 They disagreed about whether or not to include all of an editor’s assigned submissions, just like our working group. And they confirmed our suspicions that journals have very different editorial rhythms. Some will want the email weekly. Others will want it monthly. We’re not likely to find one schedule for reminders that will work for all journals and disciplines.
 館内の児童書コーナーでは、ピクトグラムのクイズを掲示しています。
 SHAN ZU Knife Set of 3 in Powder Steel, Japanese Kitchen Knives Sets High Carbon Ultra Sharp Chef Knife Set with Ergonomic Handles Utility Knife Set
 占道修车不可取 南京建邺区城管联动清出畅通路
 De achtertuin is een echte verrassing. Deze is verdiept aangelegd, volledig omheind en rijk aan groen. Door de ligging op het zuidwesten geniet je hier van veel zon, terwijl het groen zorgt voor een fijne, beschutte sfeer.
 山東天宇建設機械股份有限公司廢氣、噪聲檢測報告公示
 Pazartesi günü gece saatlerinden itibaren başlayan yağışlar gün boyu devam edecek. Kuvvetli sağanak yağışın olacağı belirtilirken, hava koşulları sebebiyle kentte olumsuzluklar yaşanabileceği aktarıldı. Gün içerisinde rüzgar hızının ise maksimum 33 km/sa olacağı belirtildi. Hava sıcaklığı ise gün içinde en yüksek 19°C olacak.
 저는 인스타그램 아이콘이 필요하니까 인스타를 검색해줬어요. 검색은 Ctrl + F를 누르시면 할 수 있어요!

========

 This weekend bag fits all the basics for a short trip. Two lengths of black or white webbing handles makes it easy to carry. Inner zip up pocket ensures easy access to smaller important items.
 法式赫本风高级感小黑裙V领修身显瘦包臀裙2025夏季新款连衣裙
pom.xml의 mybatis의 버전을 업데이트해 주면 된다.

========

BRIEF | Word for word, restate the lines of the listing above starting at the line with "De achtertuin is" and ending at the line with "저는 인스타그램 아이콘이", and nothing outside them.

YOUR SOLUTION |
 De achtertuin is een echte verrassing. Deze is verdiept aangelegd, volledig omheind en rijk aan groen. Door de ligging op het zuidwesten geniet je hier van veel zon, terwijl het groen zorgt voor een fijne, beschutte sfeer.
 山東天宇建設機械股份有限公司廢氣、噪聲檢測報告公示
 Pazartesi günü gece saatlerinden itibaren başlayan yağışlar gün boyu devam edecek. Kuvvetli sağanak yağışın olacağı belirtilirken, hava koşulları sebebiyle kentte olumsuzluklar yaşanabileceği aktarıldı. Gün içerisinde rüzgar hızının ise maksimum 33 km/sa olacağı belirtildi. Hava sıcaklığı ise gün içinde en yüksek 19°C olacak.
 저는 인스타그램 아이콘이 필요하니까 인스타를 검색해줬어요. 검색은 Ctrl + F를 누르시면 할 수 있어요!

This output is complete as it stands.